Python implementations of NBSVM

Last Update:2018-05-27 Source: Internet

Author: User

Tags svm

Developer on Alibaba Coud: Build your first app with APIs, SDKs, and tutorials on the Alibaba Cloud. Read more ＞

Nbsvm

Naive Bayes (Naive bayers) and Support vector Machine (SVM) are the basic models commonly used in text categorization. Under different data sets, different characteristics and different parameters, the effects of the two are varied. In general, NB is better than SVM in short text, and SVM performs better on long text.

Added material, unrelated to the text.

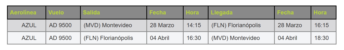 Billete aéreo Montevideo/Florianopolis/Montevideo

NBSVM from the paper <baselines and bigrams simple, good sentiment and Topic Classification>, is a new classification method proposed by the author, it combines NB and SVM, The principle can be summed up in a sentence:

"Trust NB unless SVM is very confident"

The authors have experimented on different datasets, and have made better results than individual NB and SVM, and the results and principles can be found in the original paper.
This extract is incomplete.